Plimpton was queasy at the thought of it.
"He asked if he could hold his own beating heart, Plimpton."
Plimpton shook his head, "Is he mental?"
"All evidence points to yes."
Plimpton couldn't believe he was about to ask this next question. "And did you... did you find a - the, erm - the - the dragon?"
"Yes, sir. We found a dragon."
"An actual dragon?"
"An actual dragon. The zoo man said it was a miniature breed called a Red Vine. He then launched into a long explanation of how an accidentally severed tail of a Red Vine Dragon had been the inspiration for the Red Vine candies."
Plimpton raised his eyebrows again. He felt he'd done that quite a lot during the conversation. But it was the sort of conversation which required such a reaction frequently.
"As we were closing him up, the man was playing merrily with his dragon, coddling over it like a mother that's given birth... naming it, the whole nine yards, Plimpton!"
"Naming it?"
"Yes. Pox. Because of that disease they thought he might have had."
"Incredible. How did it get in there?"
"They never did say definitively, but they said he might have breathed it in somewhere. Apparently it's somewhat common to inhale dragons in the wizarding world. Much like flies to the muggle world, they said. It's apparently one of the many ways they can catch dragon pox. Inhaling a dragon causes Type 2 Dragon Pox, compared to a Type 1 which is caused by coming in contact with infectious dragon scales, venom (if poisonous), saliva, or boogies. Type 1 is most common, reacts like any virus or bacterial even in the muggle world, except it responds to nothing, but with a Type 2 Inhalation, the dragon typically dies in the body and the flint remains like a cancer and that's what starts it."
Plimpton shook his head. "Incredible."
Hoffman took a deep breath. "So you see - I simply cannot do any more with medicine.
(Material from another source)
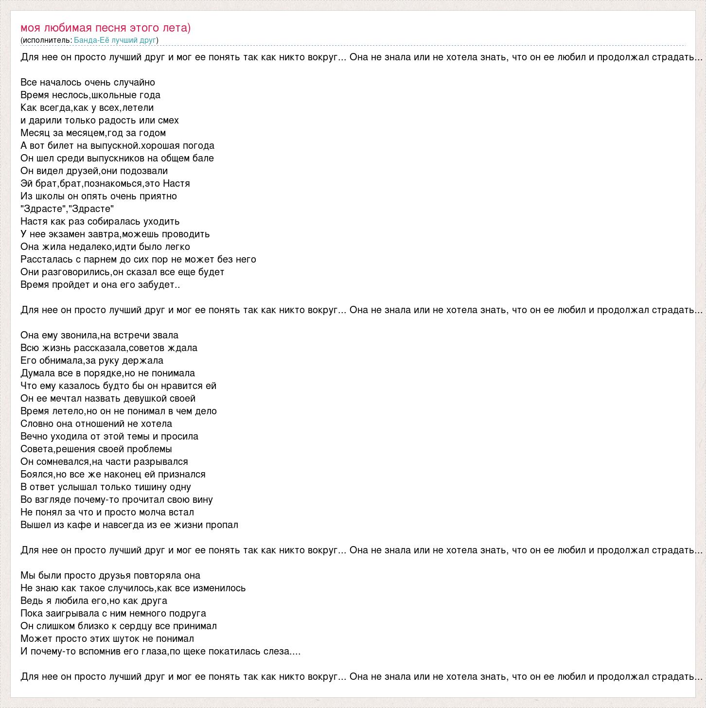Для нее он просто лучший друг и мог ее понять так как никто вокруг... Она не знала или не хотела знать, что он ее любил и продолжал страдать... Все началось очень случайно Время неслось,школьные года Как всегда,как у всех,летели и дарили только радость или смех Месяц за месяцем,год за годом А вот билет на выпускной.хорошая погода Он шел среди выпускников на общем бале Он видел друзей,они подозвали Эй брат,брат,познакомься,это Настя Из школы он опять очень приятно "Здрасте","Здрасте" Настя как раз собиралась уходить У нее экзамен завтра,можешь проводить Она жила недалеко,идти было легко Рассталась с парнем до сих пор не может без него Они разговорились,он сказал все еще будет Время пройдет и она его забудет.. Для нее он просто лучший друг и мог ее понять так как никто вокруг... Она не знала или не хотела знать, что он ее любил и продолжал страдать... Она ему звонила,на встречи звала Всю жизнь рассказала,советов ждала Его обнимала,за руку держала Думала все в порядке,но не понимала Что ему казалось будто бы он нравится ей Он ее мечтал назвать девушкой своей Время летело,но он не понимал в чем дело Словно она отношений не хотела Вечно уходила от этой темы и просила Совета,решения своей проблемы Он сомневался,на части разрывался Боялся,но все же наконец ей признался В ответ услышал только тишину одну Во взгляде почему-то прочитал свою вину Не понял за что и просто молча встал Вышел из кафе и навсегда из ее жизни пропал Для нее он просто лучший друг и мог ее понять так как никто вокруг... Она не знала или не хотела знать, что он ее любил и продолжал страдать... Мы были просто друзья повторяла она Не знаю как такое случилось,как все изменилось Ведь я любила его,но как друга Пока заигрывала с ним немного подруга Он слишком близко к сердцу все принимал Может просто этих шуток не понимал И почему-то вспомнив его глаза,по щеке покатилась слеза.... Для нее он просто лучший друг и мог ее понять так как никто вокруг... Она не знала или не хотела знать, что он ее любил и продолжал страдать...
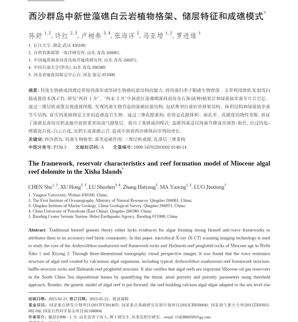 2138cn太阳集团硕士研究生陈舒在《热带海洋学报》期刊上发表题为“西沙群岛中新世藻礁白云岩植物格架、储层特征和成礁模式”的研究论文。该论文利用微焦X射线扫描成像技术(X-CT),研究“西科1井”、“西永2井”中新世红藻珊瑚藻科南海奇石藻(新种)格架岩和绿藻仙掌藻节片岩岩芯。通过三维层析成像直观透视图像,发现钙藻生物营造的藻礁抗浪结构,包括典型红藻柱状格架结构、障积结构和绿藻仙掌藻节片结构,证实钙藻植物是主要的造礁造岩生物。通过三维孔隙重构,获得总孔隙体积、面孔率、孔隙度的物性参数,验证了藻礁是南海沉积盆地中新世重要的油气储集层。提出了藻礁成因模式:造礁钙藻适应海面升降逐步演替–取代,经过钙化–埋藏化石化–白云石化,沉积生成藻礁云岩,造成中新世西沙礁纵向序列的增长。

I am done. Hanging up my scrubs. Finite. No more. Sayonara. You understand? I need a long vacation after that, and I don't care what kind of damned party you've planned for my retirement, I'm simply not going to be available as it will take more than the rest of the year just to forget the sight of a tiny dragon curled up in the valve of a man's beating heart."
"You know what, doctor, I honestly don't blame you... I honestly don't blame you at all."